Using AWS CodeBuild to execute administrative tasks

This article is a guest post from AWS Serverless Hero Gojko Adzic.

At MindMup, we started using AWS CodeBuild to quickly lift and shift support tasks to the cloud. MindMup is a collaborative mind-mapping tool, used by millions of teachers and students to collaborate on assignments, structure ideas, and organize and navigate complex information. Still, the team behind the product consists of just two people, and we’re both responsible for everything from sales and product management to programming and customer support.

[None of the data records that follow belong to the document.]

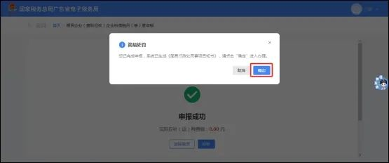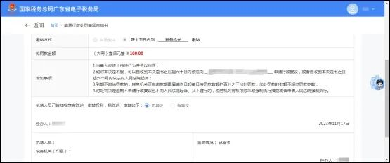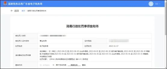 納稅人進行逾期申報后,系統(tǒng)校驗是否已完成所有逾期申報,如已完成且系統(tǒng)判斷不符合首違不罰的,則生成《簡易行政處罰事項告知書》,點擊“確定”可進入。
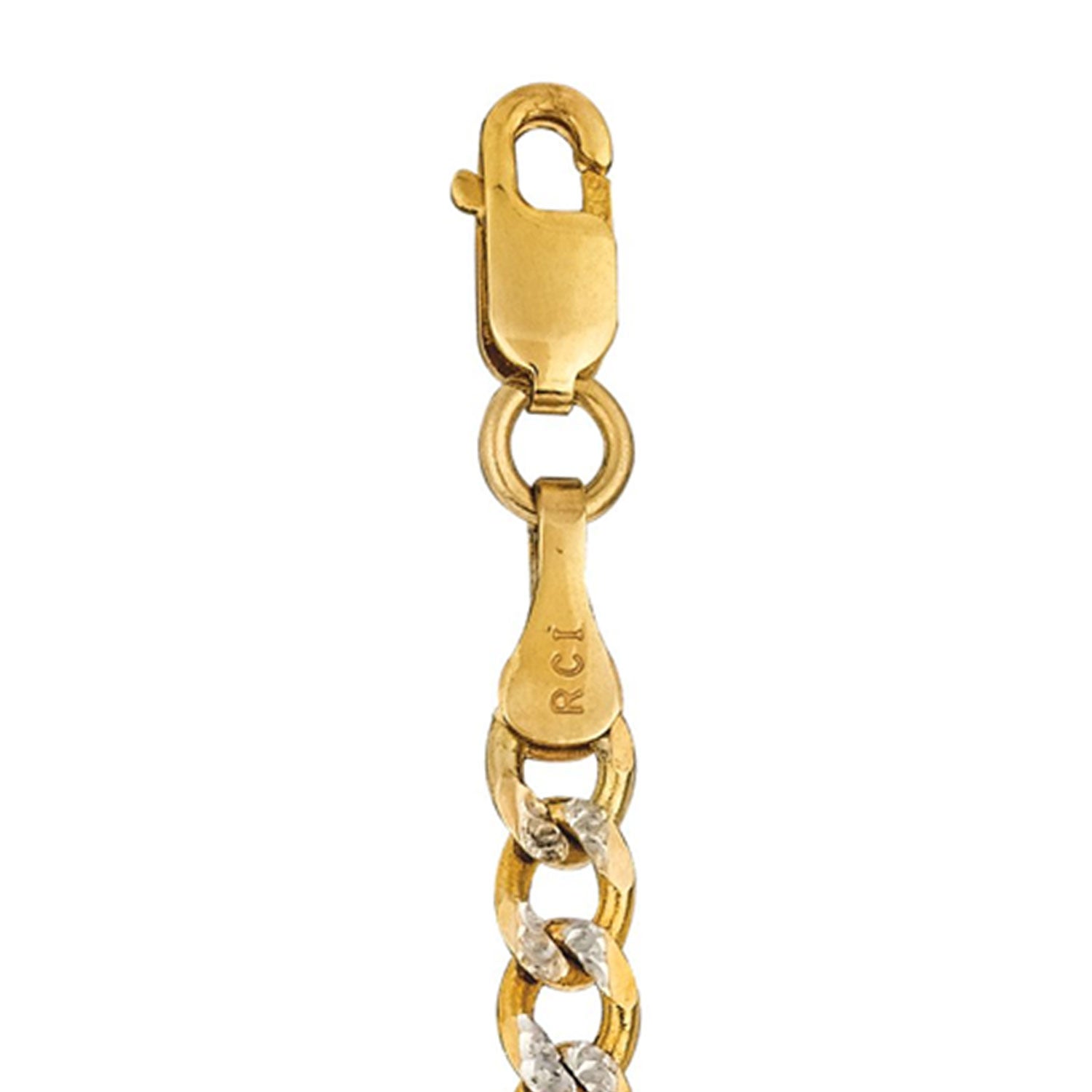 The JewelStop 14K Yellow Gold Polished Finish 3.65mm White Pave Figaro Chain with Lobster Lock is a striking and sophisticated piece that exudes both luxury and timeless charm. Crafted from premium 14K yellow gold, this chain features a polished finish that amplifies its natural warmth and shine, adding a rich, vibrant glow to any ensemble. The unique Figaro design alternates between short and long links, offering an eye-catching and stylish pattern. At 3.65mm in thickness, this chain is substantial enough to make a statement while remaining comfortable for daily wear. The white pave detailing on the links adds an extra layer of sparkle, making it a perfect option for both casual and formal occasions. Equipped with a sturdy lobster lock, the chain ensures secure closure, allowing you to wear it confidently without concern. The 18-inch length offers a versatile fit, comfortably resting around the base of the neck, making it ideal for showcasing pendants or wearing on its own for a refined look.
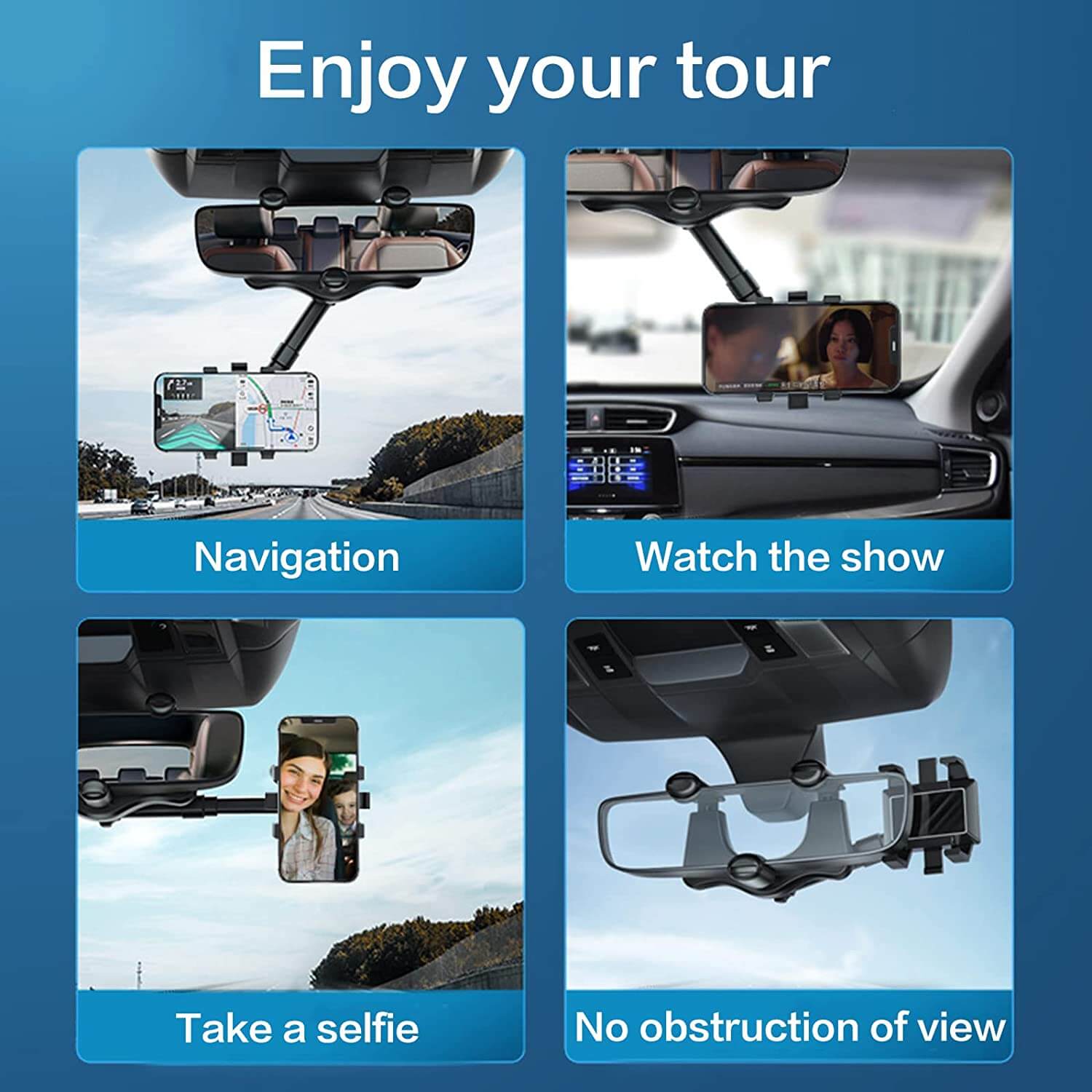 Setting 360 Mount™ on your rear view mirror is an automatic & hands-free way to turn fumbling your phone on car trips into a seamlessly effecient & safe trip.
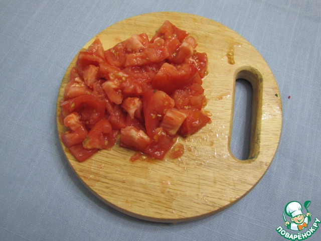 Помидоры освободить от семян и жидкости, порезать кубиками.

One of the key reasons why such a tiny team can support a large group of users is that we tend to automate all recurring tasks in order to free up our time for more productive work.

Administrative support tasks often start as ad-hoc command line scripts, with manual intervention to resolve exceptions. As the scripts stabilize, humans can be less involved, so teams look for ways of scheduling and automating job executions. For infrastructure deployed to AWS, this also means moving away from running scripts from on-premises developers or operations computers to running in the cloud. With utilization-based pricing and on-demand capacity, AWS Lambda and AWS Fargate are the two obvious choices for running such tasks in AWS. There is a third option, often overlooked: CodeBuild. Although CodeBuild is designed for a completely different purpose, it offers some compelling features that make it very easy to set up and run periodic support jobs, especially as a first easy step towards a more systematic solution.

Solution overview

CodeBuild is, as the name suggests, a managed service for executing typical software build jobs. In some ways, such as each job having an associated IAM permissions, CodeBuild is similar to Lambda and Fargate. One of fundamental differences between Codebuild jobs and Lambda functions or Fargate tasks is the location of the executable definition of the job. The executable definition of a Lambda function is in a ZIP archive deployed to Lambda. For Fargate, the executable definition is in a Docker container image, deployed in a task with Amazon ECS or in a Kubernetes pod with Amazon EKS. Both services require an explicit deployment to update the executable definition of a task. For CodeBuild jobs, the executable definition is not deployed to an AWS service. Instead, it is in a source code control system that you can manage locally or using a service such as GitHub or AWS CodeCommit.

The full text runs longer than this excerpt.